TASK INSTRUCTIONS:
Once the pictures are removed, restate the listing word for word.

START DATA EXCERPT

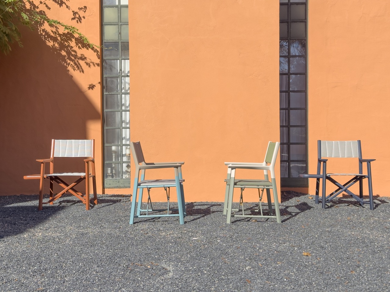 Among the proposed projects, the ones embraced with great interest were the ones created and defined in collaboration with Michael Graves Design. This design studio is a rich source of designs which has inherited the legacy of the great American architect, Michael Graves (1934-2015) and has become part of the YAAZ team. From this first collection, which confirms the international atti- tude of YAAZ, the new folding chair was developed, which harks back to and draws inspiration from the historical furniture of noble country estates. Made from lightweight aluminum, this product evokes the refined and charming holi- day destinations of a bygone era. The legs and armrests are each triangular in section, with flared armrests for enhanced comfort.
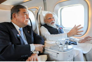 ![]() 東京から仙台に新幹線で移動するインドのモディ首相(右)と石破茂首相 =2025年8月30日、内閣広報室提供 |
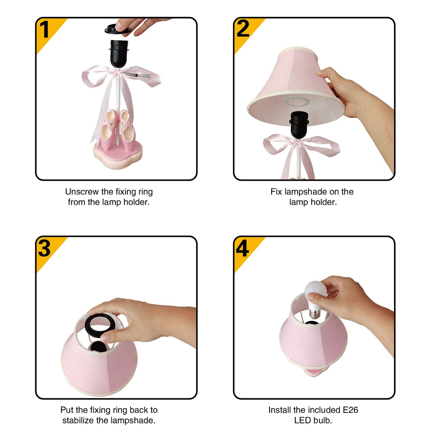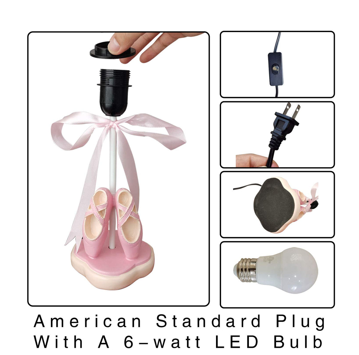Our Story:&Nbsp; We Are An Entrepreneurial Garage Company. Although We Have A Limited Number Of People, We Always Ensure That There Are Two Quality Inspectors To Carry Out Strict Quality Control And Provide Our Customers With A Pleasant Shopping Experience. Detail:&Nbsp; Type: Children'S Table Lamp Light Body Material: Resin Shade Material: Fabric + Pvc Light Source Type: Led Whether The Luminaire Has A Light Source: With An E26 Led Bulb Voltage: 111V~240V (Inclusive). Power: 21W (Inclusive) -30W (Inclusive) Applicable Space: Living Room Study Room Bedroom Other Color &Amp; Size:&Nbsp; 8.7 In (Length) X 8.7 In (Width) X 13.8 In (Tall) Pink Ballet Dancing Shoes Table Lamp &Nbsp; &Nbsp;&Nbsp;

END DATA EXCERPT

RESULT:
 Among the proposed projects, the ones embraced with great interest were the ones created and defined in collaboration with Michael Graves Design. This design studio is a rich source of designs which has inherited the legacy of the great American architect, Michael Graves (1934-2015) and has become part of the YAAZ team. From this first collection, which confirms the international atti- tude of YAAZ, the new folding chair was developed, which harks back to and draws inspiration from the historical furniture of noble country estates. Made from lightweight aluminum, this product evokes the refined and charming holi- day destinations of a bygone era. The legs and armrests are each triangular in section, with flared armrests for enhanced comfort.
 ![]() 東京から仙台に新幹線で移動するインドのモディ首相(右)と石破茂首相 =2025年8月30日、内閣広報室提供 |
Our Story:&Nbsp; We Are An Entrepreneurial Garage Company. Although We Have A Limited Number Of People, We Always Ensure That There Are Two Quality Inspectors To Carry Out Strict Quality Control And Provide Our Customers With A Pleasant Shopping Experience. Detail:&Nbsp; Type: Children'S Table Lamp Light Body Material: Resin Shade Material: Fabric + Pvc Light Source Type: Led Whether The Luminaire Has A Light Source: With An E26 Led Bulb Voltage: 111V~240V (Inclusive). Power: 21W (Inclusive) -30W (Inclusive) Applicable Space: Living Room Study Room Bedroom Other Color &Amp; Size:&Nbsp; 8.7 In (Length) X 8.7 In (Width) X 13.8 In (Tall) Pink Ballet Dancing Shoes Table Lamp &Nbsp; &Nbsp;&Nbsp;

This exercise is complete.